Recorded data:
******************************

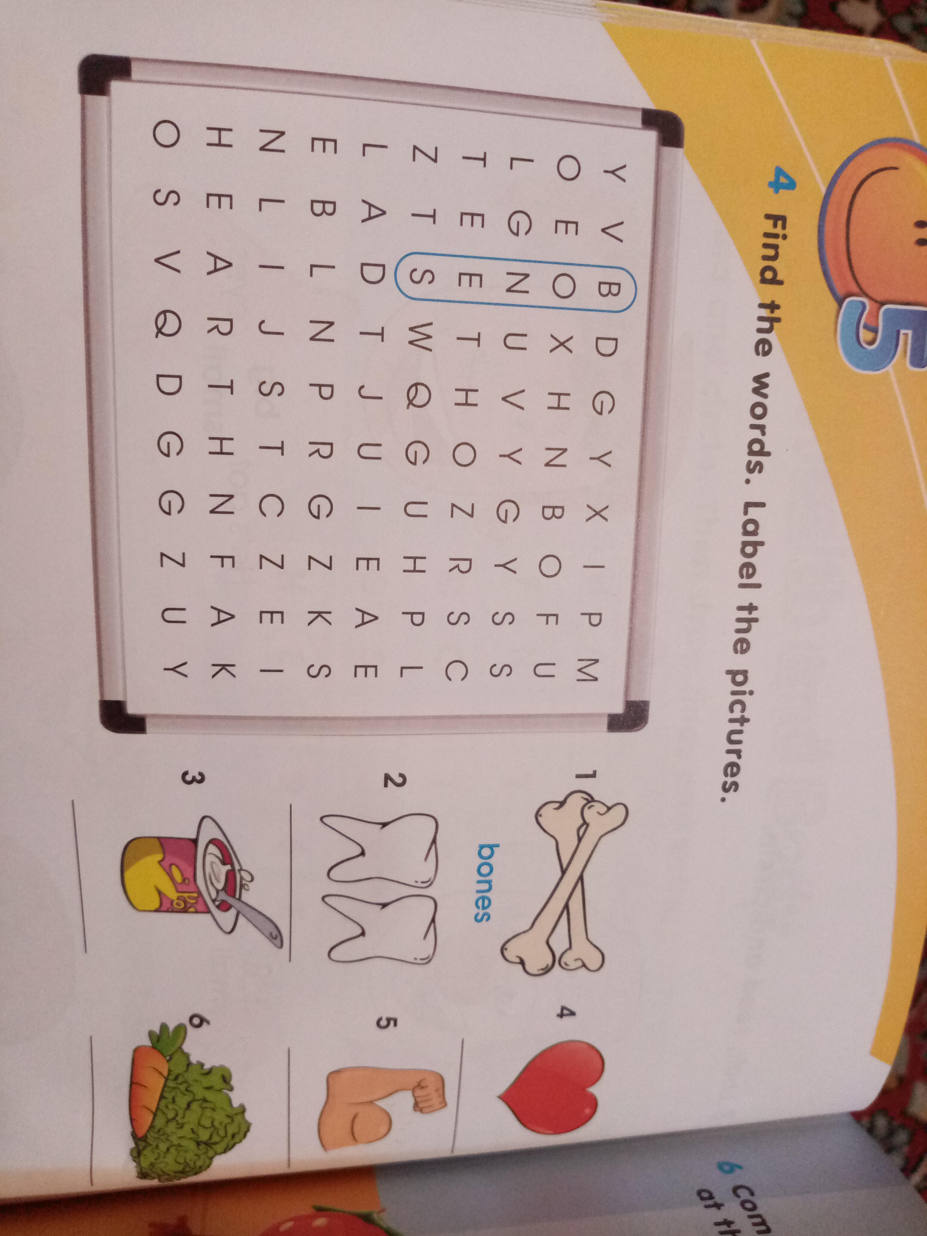 2. Teeth 3. Yoghurt 4. Heart 5. Muscles 6. Vegetables
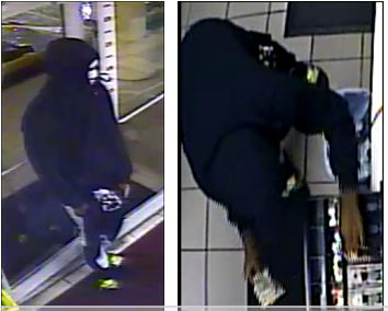 An unknown male, seen below, entered BP Gas Station store walked around then left. Minutes later a masked male entered the business walked up to the cash counter and demanded the clerk open the register and safe. The suspect grabbed the cash and fled to an awaiting vehicle.
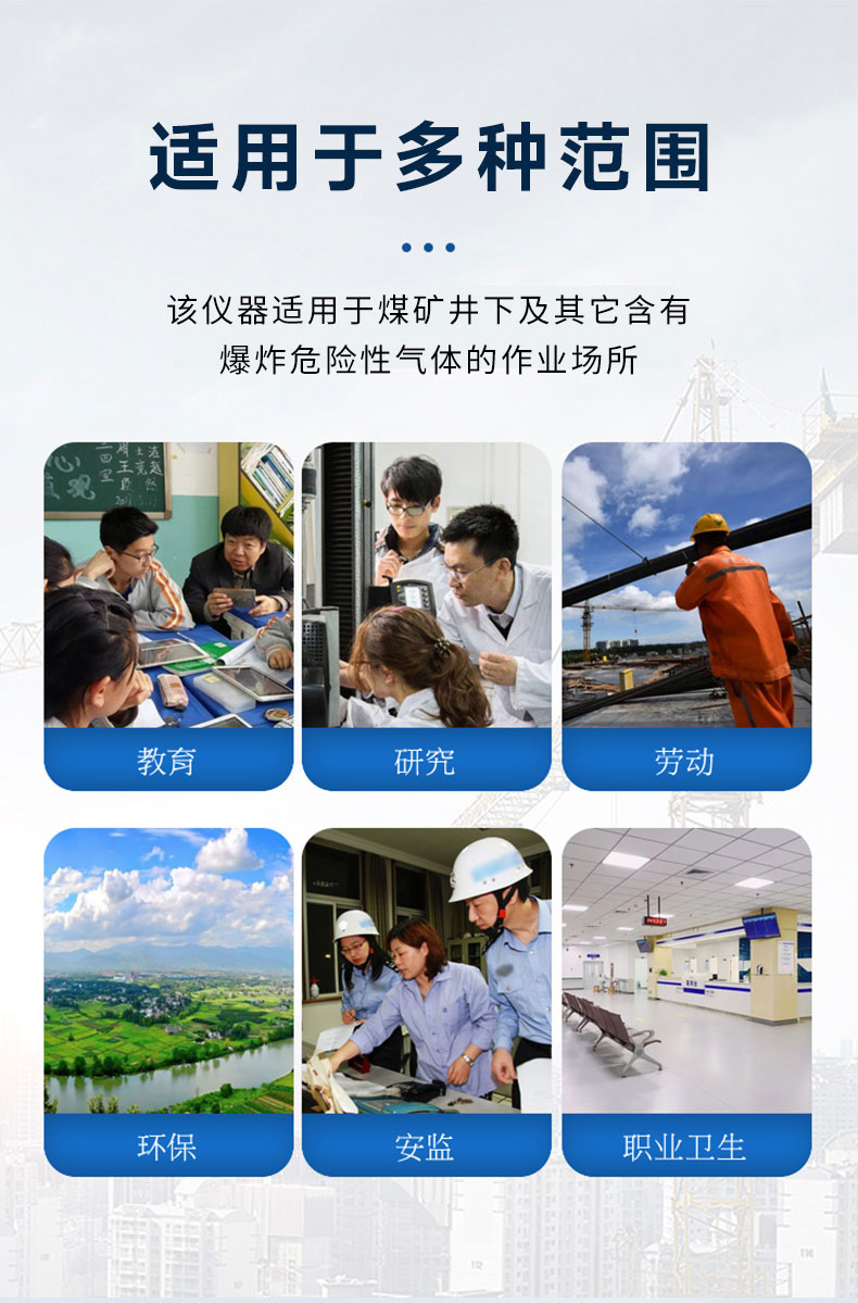 防爆粉尘检测仪(以下简称测量仪)是以红外光吸收法原理,一种用于测定环境空气中浮游粉尘浓度的仪器。该仪器根据MT163—1997《直读式粉尘浓度测量仪表通用技术条件》和Q/320582YLA013-2016《CCZ1000直读式粉尘浓度测量仪》技术条件及GB3836-2010标准中ExibI等级(本质安全型)防爆设计粉尘浓度测量仪器,该仪器的呼吸分离装置的分离效能完全符合国际公认的"BMRC"曲线要求,能准确及时地反映接尘人员吸入的呼吸性粉尘质量和不同粉尘作业场所中粉尘的污染状况,为准确评价作业场所的卫生状况提供可靠数据,该仪器适用于煤矿井下及其它含有爆炸危险性气体的作业场所。

******************************

Your instructions:
Rewrite the data above exactly as given, but omit the images.

Response for this exercise:
 2. Teeth 3. Yoghurt 4. Heart 5. Muscles 6. Vegetables
 An unknown male, seen below, entered BP Gas Station store walked around then left. Minutes later a masked male entered the business walked up to the cash counter and demanded the clerk open the register and safe. The suspect grabbed the cash and fled to an awaiting vehicle.
 防爆粉尘检测仪(以下简称测量仪)是以红外光吸收法原理,一种用于测定环境空气中浮游粉尘浓度的仪器。该仪器根据MT163—1997《直读式粉尘浓度测量仪表通用技术条件》和Q/320582YLA013-2016《CCZ1000直读式粉尘浓度测量仪》技术条件及GB3836-2010标准中ExibI等级(本质安全型)防爆设计粉尘浓度测量仪器,该仪器的呼吸分离装置的分离效能完全符合国际公认的"BMRC"曲线要求,能准确及时地反映接尘人员吸入的呼吸性粉尘质量和不同粉尘作业场所中粉尘的污染状况,为准确评价作业场所的卫生状况提供可靠数据,该仪器适用于煤矿井下及其它含有爆炸危险性气体的作业场所。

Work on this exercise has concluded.